We hypothesized that infants with effective responses to ART (defined by their virologic, immune or growth responses) would have significant developmental differences compared with HUU infants. HIV-infected infants with viral suppression had delayed walking unsupported and speech compared to HUU (walking median delay, 2 months; P = 0.0009; speech median delay, 3 months; P <0.0001).

In Cox proportional hazards models adjusted for 6 month post-ART growth status (WAZ < −2) and household rent, infants with viral suppression had significantly later speech (adjusted hazard ratio (aHR), 0.28, 95% confidence interval (CI), 0.16, 0.46; P < 0.001) and a trend to later walking unsupported (aHR, 0.58, 95% CI, 0.36, 0.92; P = 0.02, above the Bonferroni-corrected alpha of 0.008). Infants with 6-month immune reconstitution had delayed speech compared to HUU (aHR, 0.33, 95% CI, 0.21, 0.55; P < 0.001). Infants with sustained WAZ > −2 at 6 months also had later speech (P <0.001). Pre-ART WAZ, 6-month change in WAZ, birth weight, living in a one-room house, and caregiver education were not included in final models due to collinearity. In sensitivity analyses, models adjusted for each of these variables gave similar results.

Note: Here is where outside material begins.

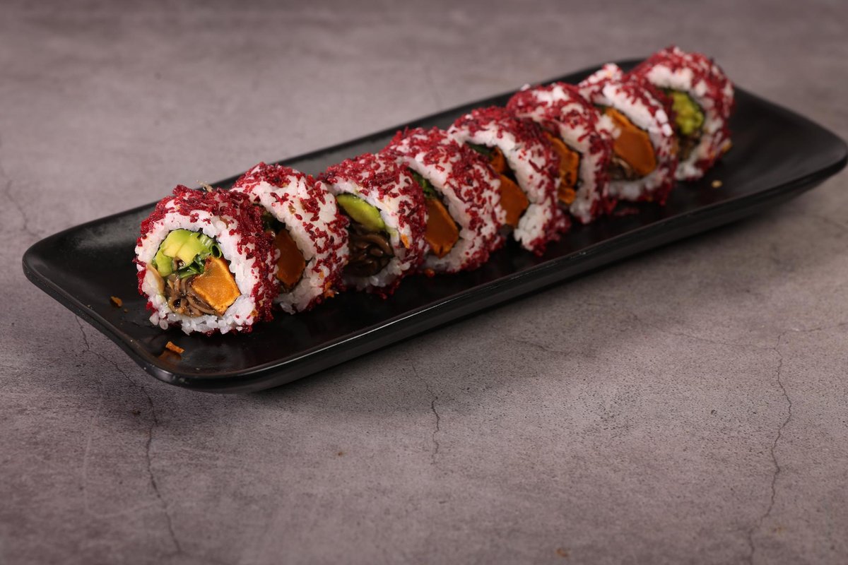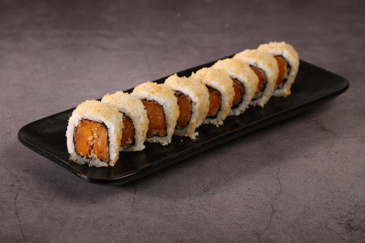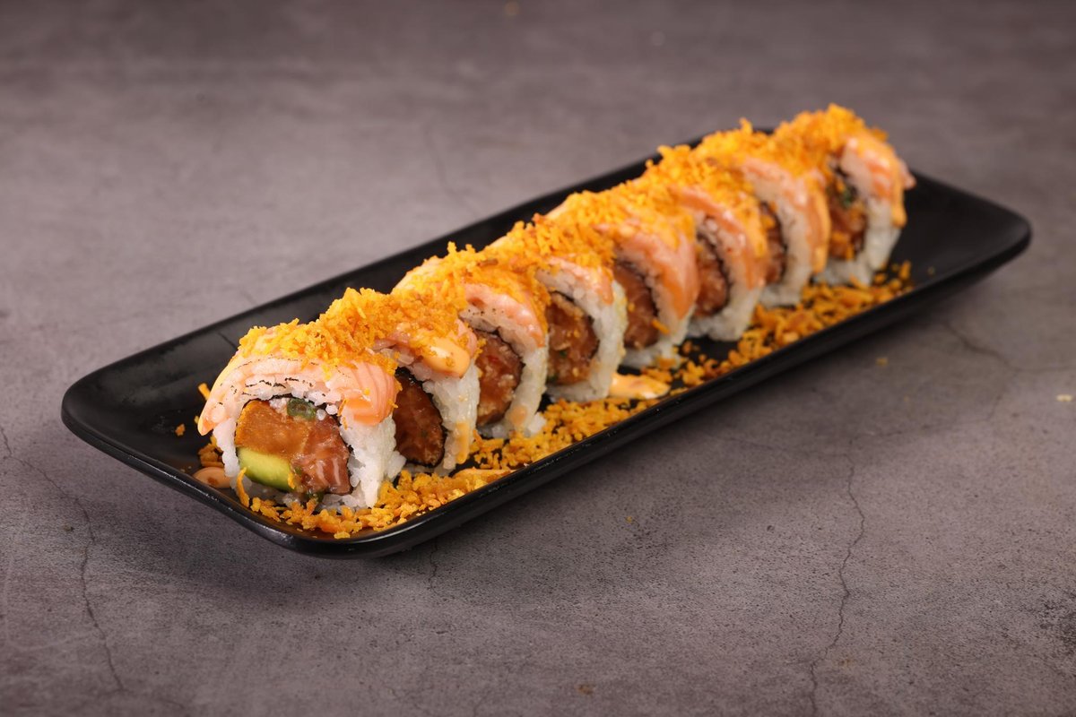 אורז לבן, מלפפון, אבוקדו, בטטה, פלפל חריף, פטריות חי, מיקס כרוב, ספייסי סלמון, קרנץ׳ טמפורה, שומשום ואצות נורי מעל, עם וואסאבי מיונייז, ספייסי מיו וסויה

Eighteen of fifty-four (33.3%) infants had combined viral suppression and immune reconstitution at 6-months post-ART. In exploratory analyses, these infants had similar age at walking unsupported (aHR, 0.73, 95% CI 0.43, 1.26; P = 0.3), but had delayed speech compared with HUU infants (unadjusted median delay, 2 months; P = 0.0002; aHR, 0.40, 95% CI, 0.23, 0.69; P = 0.001). Infants with both poor viral suppression and poor immune reconstitution had even more pronounced delays (walking: median difference delay, 4 months; P = 0.0001; speech delay, 5 months, P < 0.0001) compared with HUU infants. These differences remained in adjusted models (all p-values ≤0.001).

HIV-infected infants in this study received LPV/r-based ART if they had prior exposure to NVP for PMTCT, and we previously reported that infants receiving LPV/r-based ART had significantly earlier speech compared with those receiving NVP-ART [19]. In exploratory analyses, infants receiving LPV/r-based ART still had significantly later speech than HUU infants (aHR, 0.37, 95% CI, 0.21, 0.65; P = 0.001).